In a share of sixth place in France came 2018 British Open champion Hall and the delightful Chun who won the US Open on her LPGA debut in 2015 and her second Major, the Evian, the following year.
Now 26, she has fallen out of the winning habit, her last victory coming three years ago, but that situation may change this weekend. At the very least she should make the frame.

Back her, Noh, Thitikul and Hall to confirm the good impression all four made last week. LPGA stars Lizette Salas and Jennifer Kupcho should also make their presence felt and although bubbly Brit Charley Hull has not had a great year she should also be in the mix.

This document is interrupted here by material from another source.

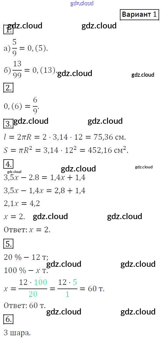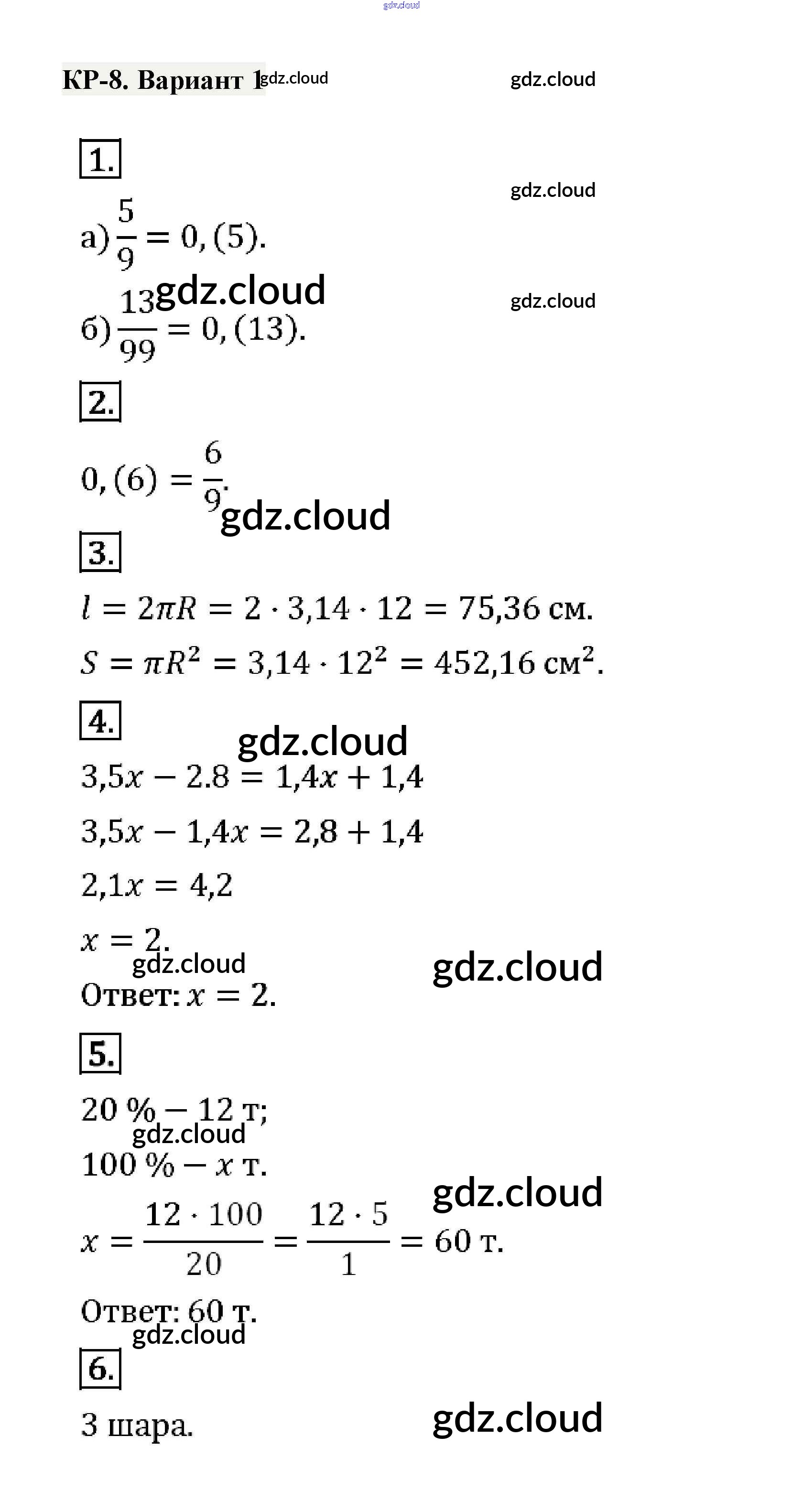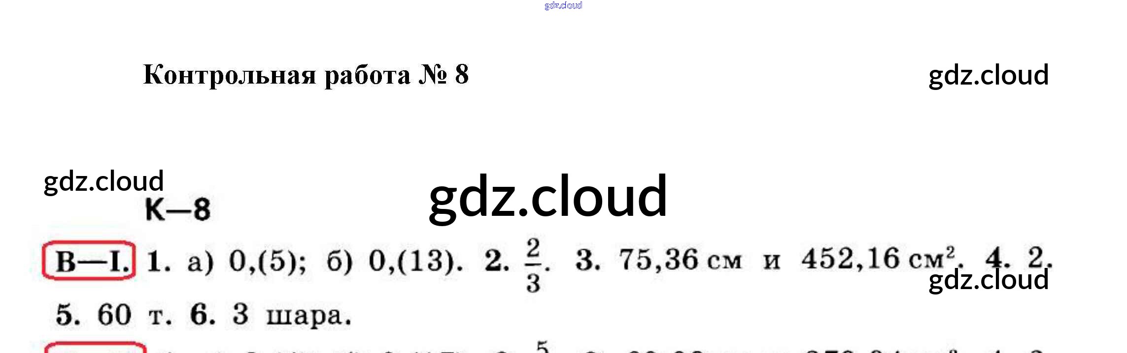 КР-8. Варианты Ответы к Контрольным работам по Математике 6 класс Дидактические материалы Потапов МГУ - школе Просвещение

The men’s event is less classy but gives South African Justin Harding a quick opportunity to make amends for a play-off defeat by 250/1 shocker Nacho Elvira at the Cazoo Open on Sunday. Harding and Andy Sullivan dominate the market in a tournament that won’t take much winning. Harding won in Kenya at the start of the year and has been there or thereabouts several times since.

Bigger threats than Sullivan could be course winner Jack Senior, Swedish newcomer Vincent Norrman, European Open winner Marcus Armitage and Challenge Tour sensation Santiago Tarrio. Englishman Senior won this very event when it was on the Challenge Tour schedule two years ago, beating Matthew Balding in a play-off after they had tied on 11 under par. He put three good rounds together when tenth in the Scottish Open earlier this month.

Norrman was 14th in a similar mixed-sex promotion in his home country and followed up with a eyecatching fifth in Munich and tenth at Celtic Manor at the weekend.

Armitage, like Sunday’s winner Elvira, has had to wait many years to get that magical W on his record and it would come as no great surprise, now they have got that monkey off their backs, if they won again soon. This is a big opportunity to do so.

Spaniard Tarrio has just gone 1-3-1-4-5-16-4 on a seven-tournament Challenge Tour roll that began with victory in the Czech Challenge in early June. A magnificent 91 under par in that period is good currency at any level and this week is not a big step up.